What’s happening to patient engagement?
Shifts in who is providing care at the bedside worry this educator
Head cheese, the gelatinous deli meat, is one of my dad’s favorite foods. But after eating a sandwich made with a bad batch of it, my elderly father was admitted to an acute care unit with dehydration, delirium and acute renal failure. During the two weeks he was there, my mom and I visited him frequently, which gave me my first opportunity to see RNs and LPNs working together in acute care.
As the days went by and Mom and I sat at Dad’s bedside, I watched as numerous caregivers came and went. It was extraordinarily confusing to keep track of who was responsible for various aspects of his care. Dad fluctuated on the continuum of stability/instability, which necessitated ongoing shifts between RNs and LPNs. When I would ask the LPN questions about his kidney function or IV medications, she would respond that she did not know and recommend that we talk with Dad’s RN. Most of the RNs refused to share any information, even though my dad had given his permission for the nurses to discuss his care with us. Dad’s care was organized by the tasks that needed to be done and who might be doing them, but there was no sense of any one nurse knowing my dad in a more comprehensive way. And there was no way for us to obtain an overall picture of his treatment and responses to nursing care.
Knowing the patient through hands-on care used to be a major focus for bedside RNs and, according to Patricia Benner in From Novice to Expert, it is crucial for developing competent nursing practice. Changes to staff mix are constraining RNs’ ability to know their patients. Situating RNs as team leaders, focusing primarily on care planning and discharge planning, removes them from the bedside, while LPNs and health-care aides are increasingly positioned as direct caregivers. As an educator, I worry that this model of care will mean that RNs and students in RN programs will have less access to RN mentors with expertise in hands-on care.
Benner’s findings on skill acquisition form one of the foundational elements of the current LPN curriculum in British Columbia, and they also appear in the Canadian Council for Practical Nurse Regulators document Becoming a Licensed Practical Nurse in Canada: Requisite Skills and Abilities. However, I question if her findings, which are based on 30-year-old research with post-licensure RNs, fit within the realm of the current shifts in staff mix (or can, in fact, even be appropriately applied to post-licensure LPNs). The competency levels Benner refers to are contextually embedded in the RN experience. I believe that shifting care contexts necessitates further research into how the various nursing groups acquire expertise.

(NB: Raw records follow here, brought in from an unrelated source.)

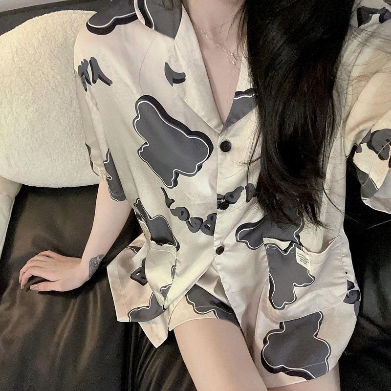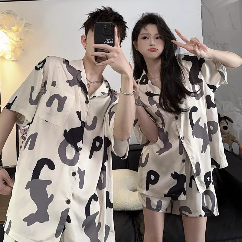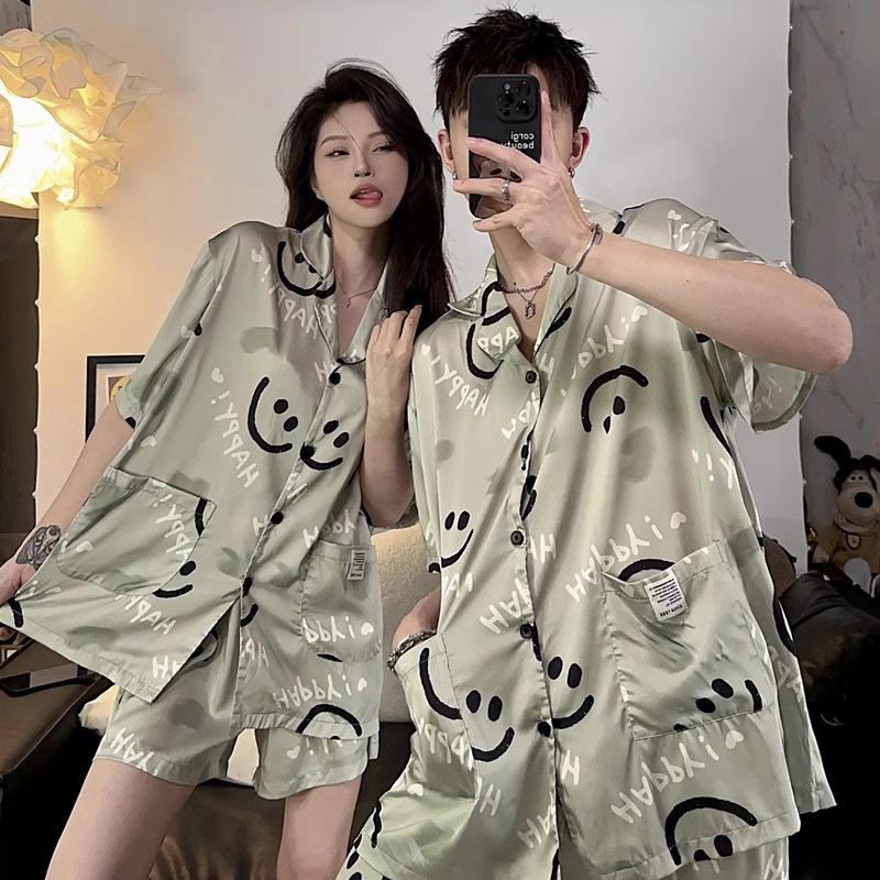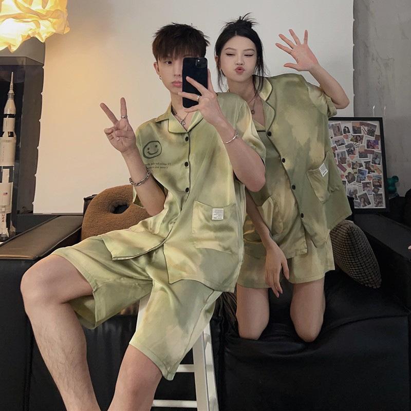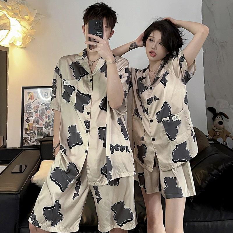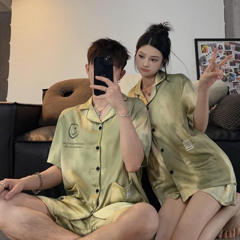 Pijamas de verano para parejas, de seda ultrafina, para un hombre y una mujer, para estudiantes, para el hogar, con pantalones cortos de manga corta.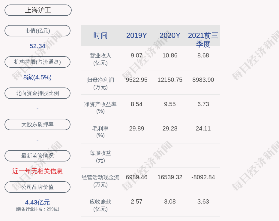 每经AI快讯,上海沪工(SH 603131,收盘价:16.46元)3月9日晚间发布公告称,公司股东宇斯有限于2022年2月16日至2022年3月4日期间减持公司股份约289万股,减持股份占公司总股份为0.9101%。本次减持计划时间已过半。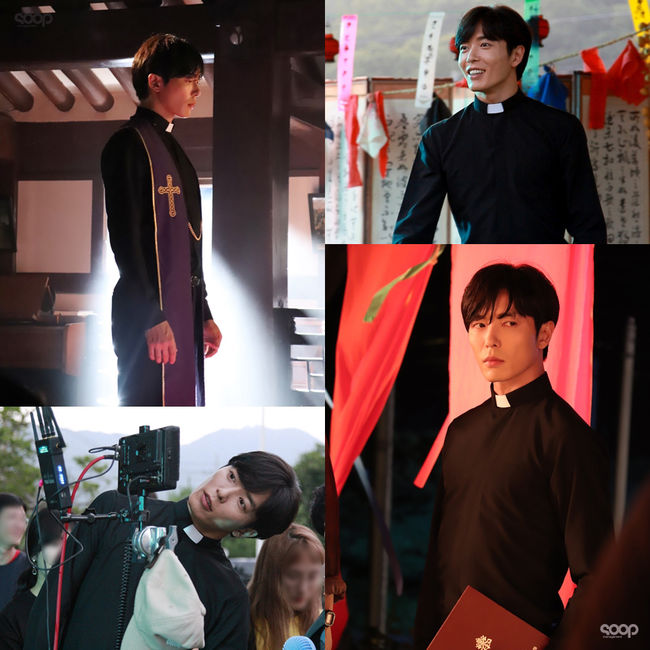 공개 된 사진은 ‘손 the guest’의 포스터, 티저 촬영현장 속 김재욱의 무한 매력발산이 포착 돼 눈길을 끈다. 무더운 날씨가 연일 이어지던 지난 7월 강화도에서 진행 된 이번 현장에서 그는 지친 기색 하나 없이 얼굴에는 즐거운 미소가 가득했다. 여기에 검은 사제복을 입어 다크한 매력을 드러냈고, 내추럴한 헤어스타일까지 완벽하게 소화해낸 모습은 보는 것만으로도 설레게 만든다.

It is time for RNs to question the current evidence being used to justify shifts in the composition of nursing teams. As well, it is crucial that they voice their concerns about how RNs learn and teach nursing, question how best to support the development of nursing expertise, and engage in research that examines nursing teams in acute care. The division of labour created by assigning care tasks to various health-care providers is shifting how nursing expertise is developed. Attention must be given to the impact of this shift on patients and families and on our understandings of nursing care.